Notable changes
Security Fixes
This release addresses several consensus and denial-of-service
vulnerabilities in zcashd, all reachable by a remote peer or miner.
This is a time-critical upgrade. It is released in coordination with a
soft fork that activates at mainnet block height 3363426
(approximately 02:00 UTC on 2026-06-02). Mining nodes that have not
upgraded before activation are likely to produce blocks the upgraded
majority rejects, resulting in high orphan rates; exchanges and other
operators should upgrade within the same window to remain in consensus
with the network. A further release will be required shortly after
activation — operators should keep deployment staff reachable and be
prepared to deploy it promptly.
The following advisories are addressed:
| GHSA | Summary | Impact |
|---|---|---|
| GHSA-rpcw-q5mr-gq35 | NU5+ block-body poisoning: v5 authorizing data is bound by hashAuthDataRoot (not hashMerkleRoot), so a body-derived rejection firing before the auth-commitment check could mark an honest header BLOCK_FAILED_VALID.

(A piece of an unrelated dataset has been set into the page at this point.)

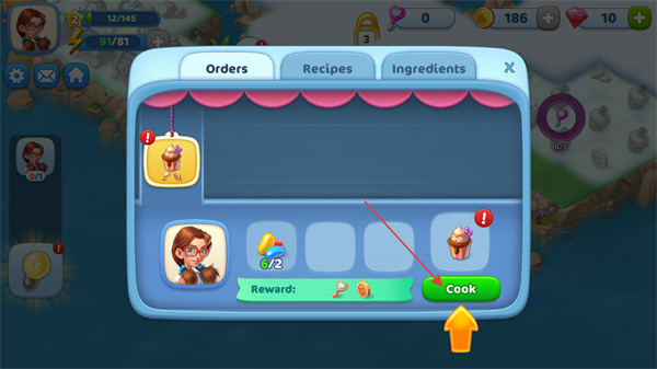 1、在童话融合记游戏界面中,获取到糖豆后点击选中人物,点击Cook按钮来制作冰淇淋,完成此订单以获取对应的奖励。

| Permanent rejection of a valid header (DoS / consensus divergence). |
| GHSA-qvwc-hc2r-82qv | Incomplete fix for the above via the bad-blk-sigops rejection: mutated v5 scriptSig changes the per-block sigop count before the auth commitment is verified.
| Same header-poisoning DoS as GHSA-rpcw-q5mr-gq35. |
| GHSA-wmwc-773c-qcvv | Same class via the bad-cb-length (coinbase length) trigger path.

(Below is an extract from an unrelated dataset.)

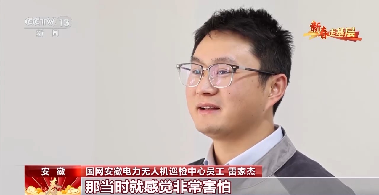 國網安徽電力無人機巡檢中心員工 雷家杰:第一次飛,就把無人機搞壞了。一架好幾萬,頂我一年的工資,當時就感覺非常害怕。現場不敢飛了,一看飛機離塔那么近,我手抖,后來腿都抖。

| Same header-poisoning DoS. |
| GHSA-382w-958v-m5jr | Same class via the bad-blk-length (near-MAX_BLOCK_SIZE body) trigger path.
| Same header-poisoning DoS. |
| GHSA-g4x5-crjh-29ff | A coinbase transaction with a positive Sapling or Orchard value balance desynchronizes chain-supply accounting from pool balances in ConnectBlock, triggering AbortNode before binding-signature validation. The block stays MODE_ERROR, so it is retried on restart.
| Node shutdown / crash loop from a single valid-PoW block. |
| GHSA-78pp-mc9g-g4mw | A block whose aggregate per-pool value delta is out of monetary range failed in ReceivedBlockTransactions with MODE_VALID, so the sending peer was never banned and replaying the P2P message re-wrote the body to disk indefinitely.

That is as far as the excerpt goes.